Foot and Ankle
Our physicians utilize the most current methods of diagnosis and treatments available for both common ailments and more serious injuries, focusing on the latest braces, orthotics, and medications prior to surgical intervention.
Before making any treatment recommendation, your foot and ankle specialist will carefully consider your age and activity level as well as the severity of your condition. If surgery is the most effective treatment option, we utilize minimally invasive techniques to minimize the strain on your body as well as your recovery time.
You can rest assured that our doctors offer the highest level of training and experience and provide exceptional care in treating any condition of the foot or ankle, from removing bunions to setting broken bones to complex reconstructions.
In order to make your treatment as comfortable and convenient as possible, we provide all the services you need to treat your condition in one location: digital x-rays and images through our Midwest Imaging at OCI and physical therapy through Midwest Rehab at OCI.

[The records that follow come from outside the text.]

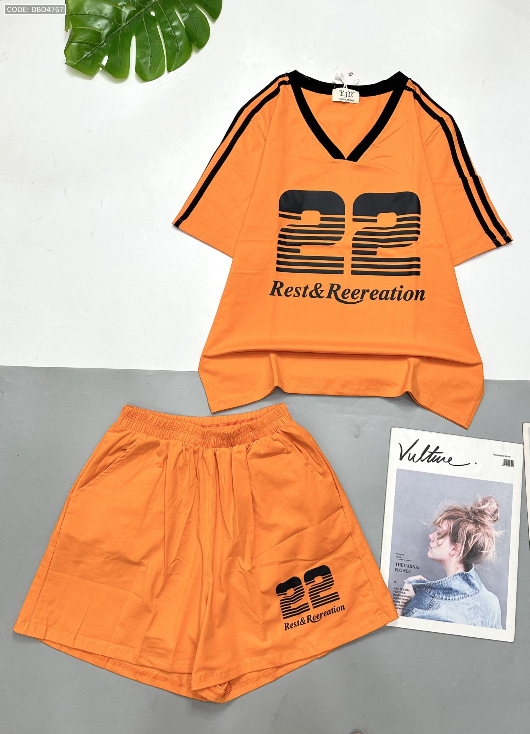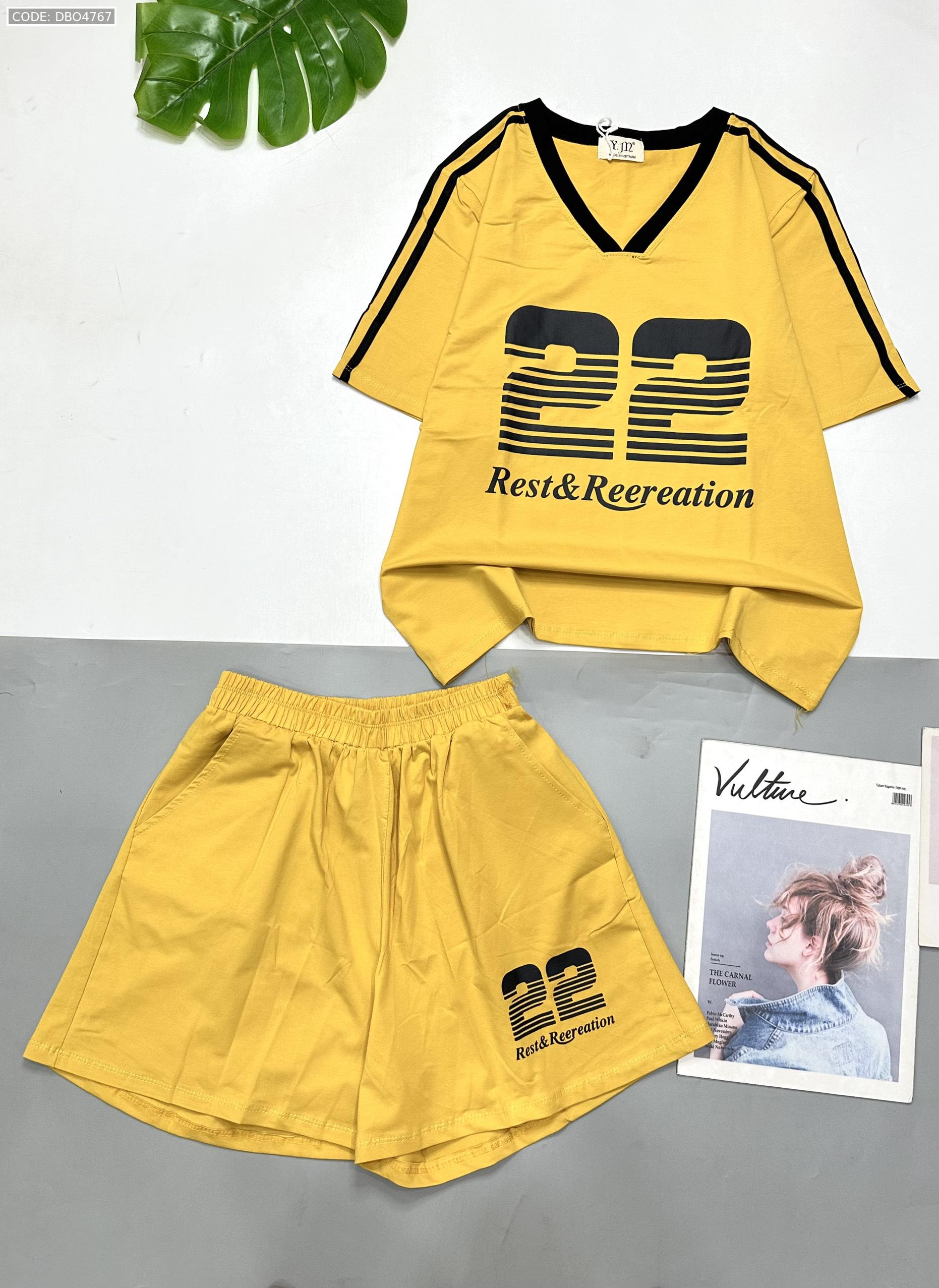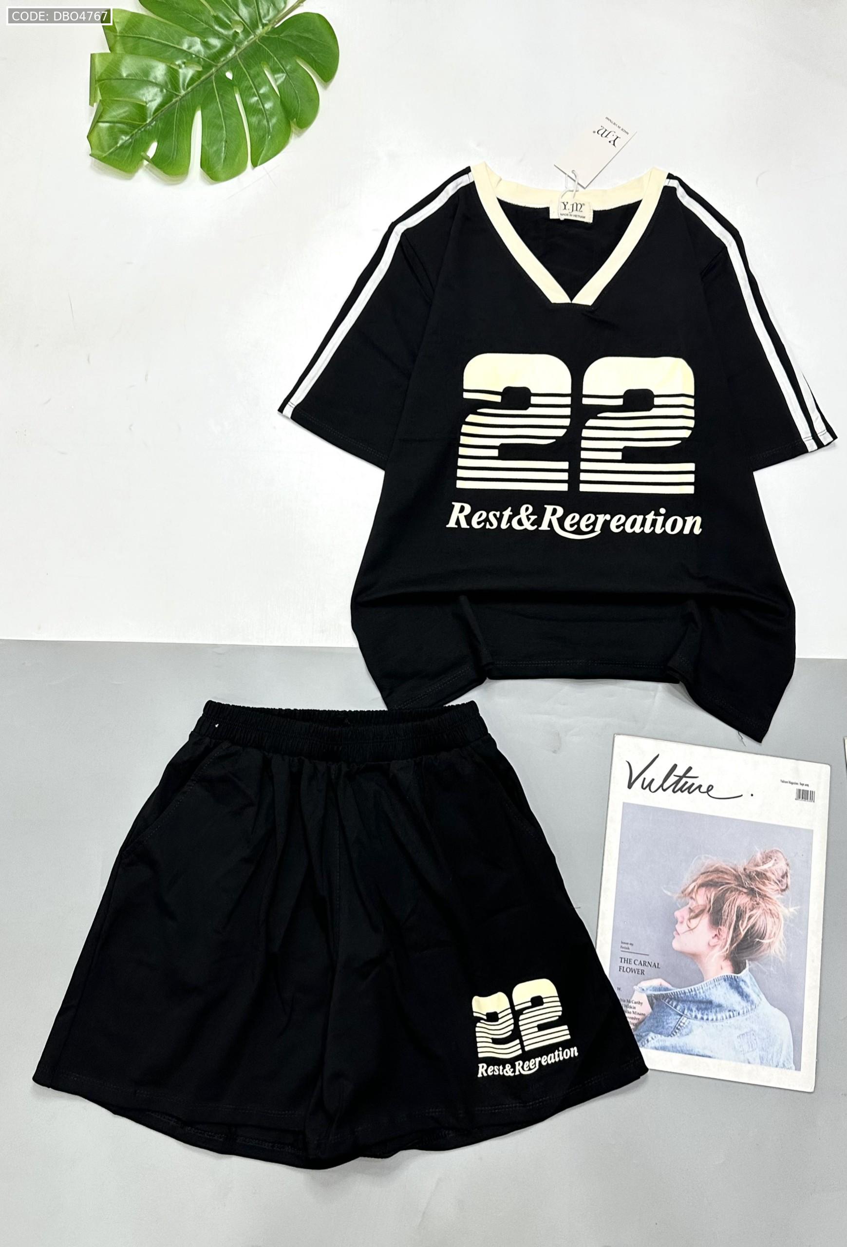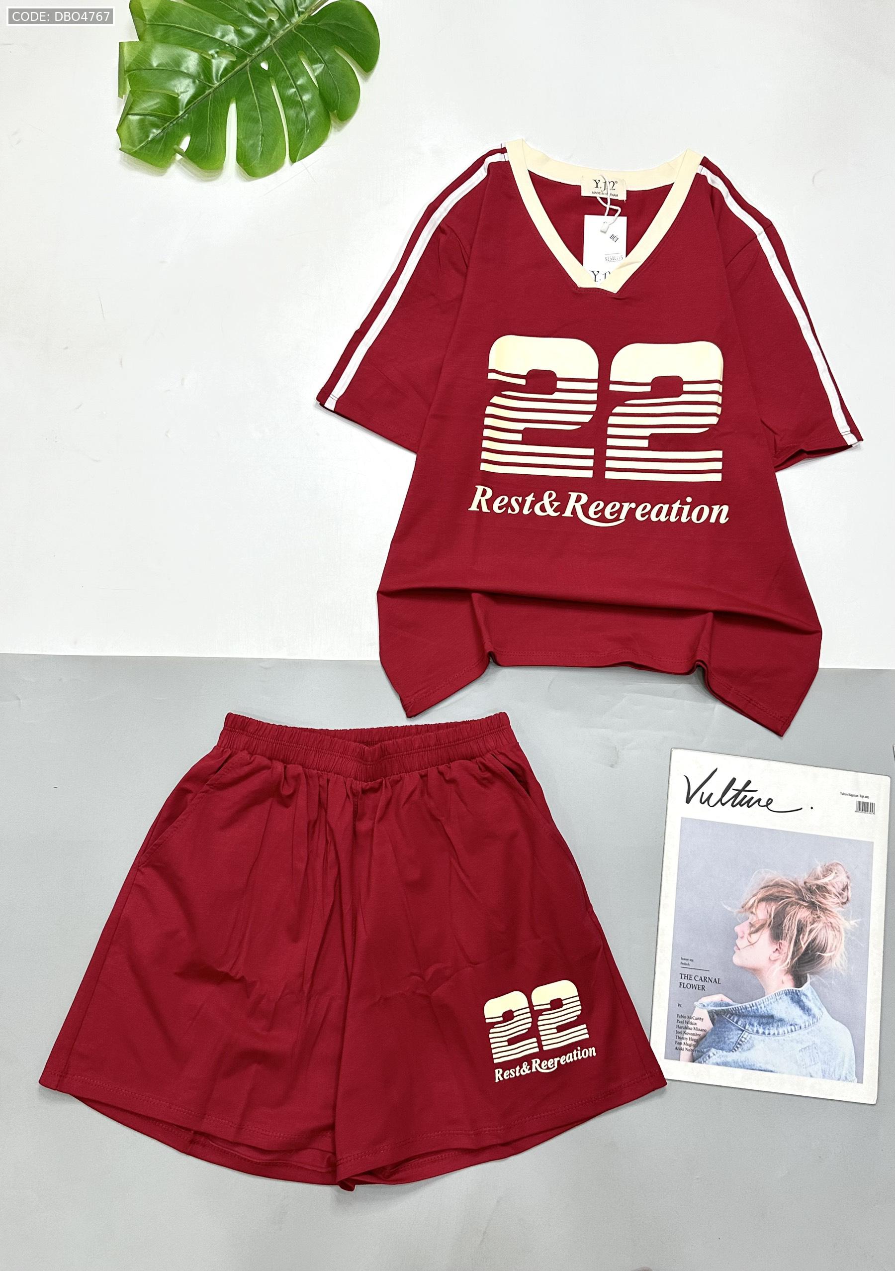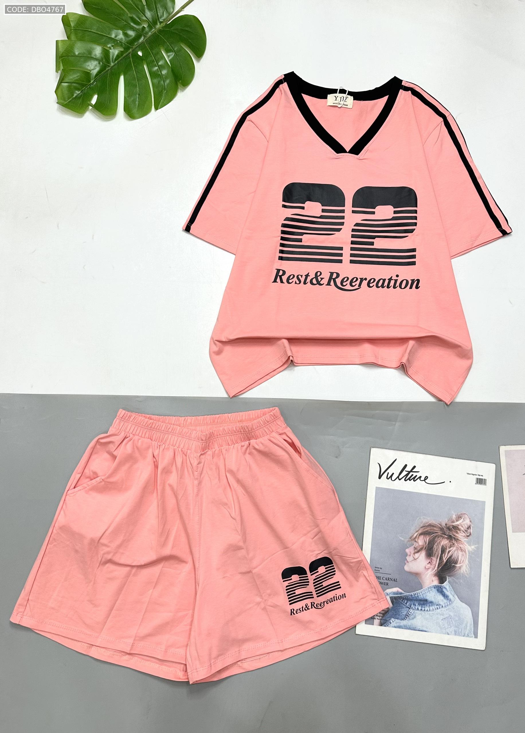 đồ bộ quần đùi áo tay ngắn cổ V in số 22
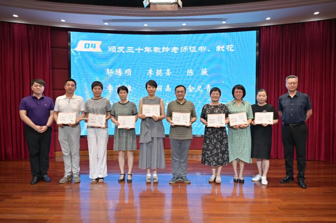 一辈子从事深爱的职业,那是深深地眷恋,三尺讲台、三十年,他们值得拥有这份光荣!一起来看三十年教龄的老师们。魏校长、刘书记给他们颁发证书,小苹果们献上鲜花。
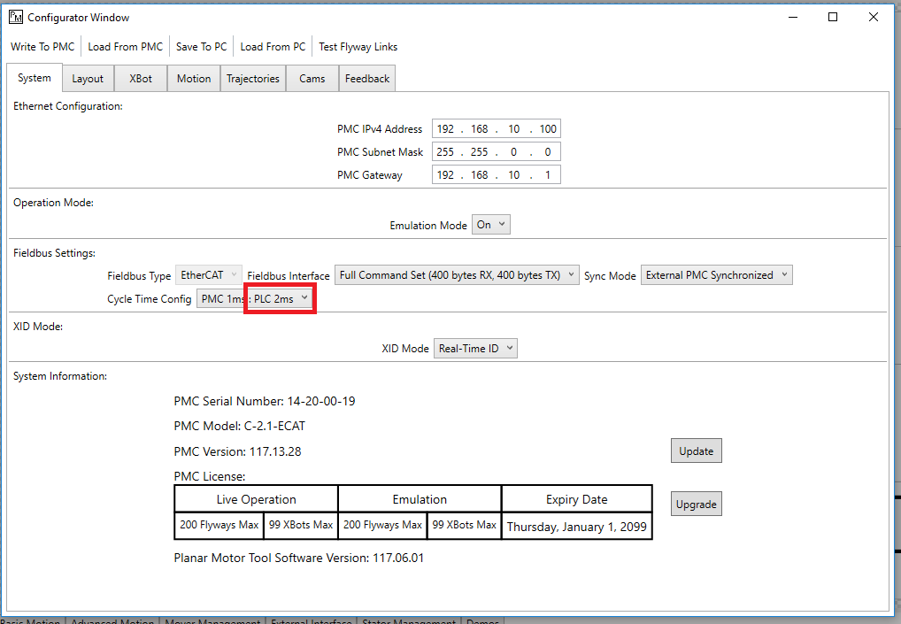 Step 2: Make sure that the Distributed Clock Cycle time, the Task cycle Interval, and the PMC’s Cycle Time Config PLC cycle all match
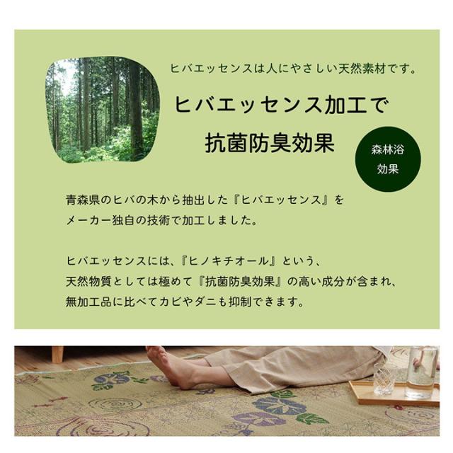 人気の猫と夏の定番の金魚をデザインしたい草ラグです。コンパクトに三つ折りで畳めて省スペースにも収納できます。い草には空気の自然浄化作用、湿度の調節作用などがあります。い草にヒバエッセンス加工を施しています(抗菌防臭効果)。青森県のヒバの木から抽出した「ヒバ油」をメーカー独自の技術で商品に加工しました。「ヒバ油」には、ヒノキチオールという天然物質としては極めて抗菌性の高い成分が含まれ、医療や食品など多分野で利用研究が進められています。裏は滑り止め不織布付きで、滑る心配がありません。
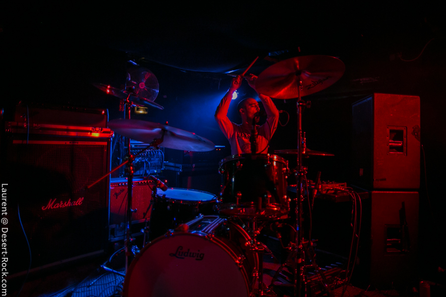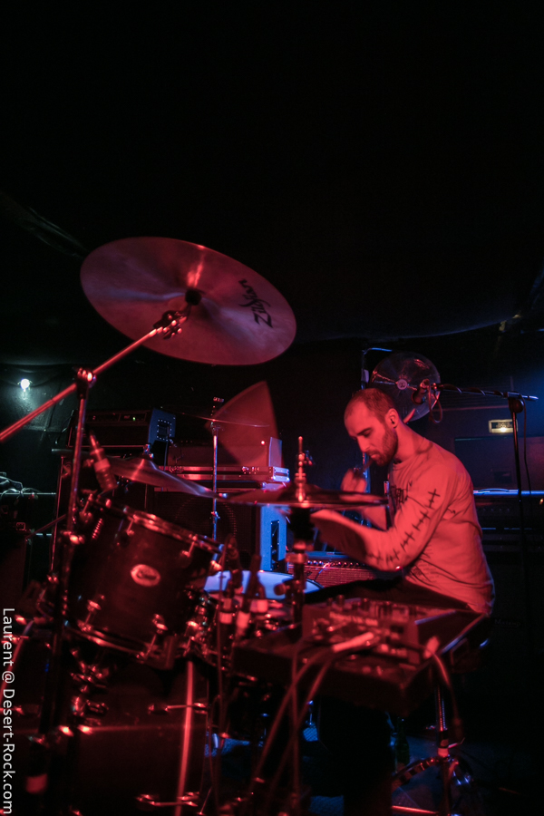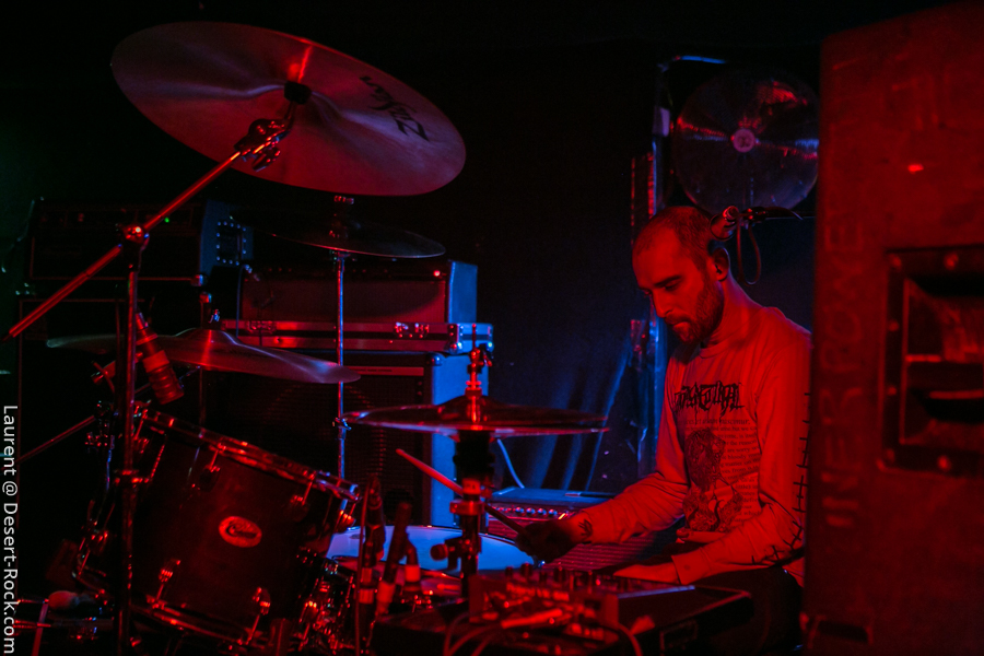 L’écoute d’une traite de Mirror Reaper (amputé sur scène de certaines parties) reste tout de même assez exigeante, et on décroche parfois du monolithe que les deux américains nous balancent en pleine tronche. A la décharge du groupe, le son (à Paris en particulier mais aussi un peu à Bordeaux) n’est pas aussi net qu’on pourrait l’espérer et l’on ne distingue pas nécessairement toutes les nuances que l’on peut entendre sur le disque. A Bordeaux en plus, la scénographie n’aide pas à l’implication ou au maintien de la tension : comme toujours au Void, le light show inexistant (un spot pleine gueule rouge de chaque côté de la scène, immobile – cf photos…) n’apporte aucune aspérité visuelle pour étayer un peu le propos musical. Décidément, on aurait aimé les voir ailleurs.

Common procedures performed at OCI:
- Arthritis & deformity of ankle
- Painful feet
- Forefoot and hindfoot deformities
- Sports injuries (sprains and fractures)
- and fractures)
- Trigger fingers
Ankle arthroscopy: Arthroscopic surgery is the least invasive form of surgery and is normally performed as an outpatient procedure. Arthroscopic surgery utilizes a small camera (an arthroscope) inserted through a tiny incision into the affected area in your ankle that sends visuals to a monitor. The surgeon, guided by the images on the screen, uses very thin surgical instruments to make any necessary repairs. Unlike standard, open surgery, the tiny incision left by arthroscopic surgery often leaves no scar.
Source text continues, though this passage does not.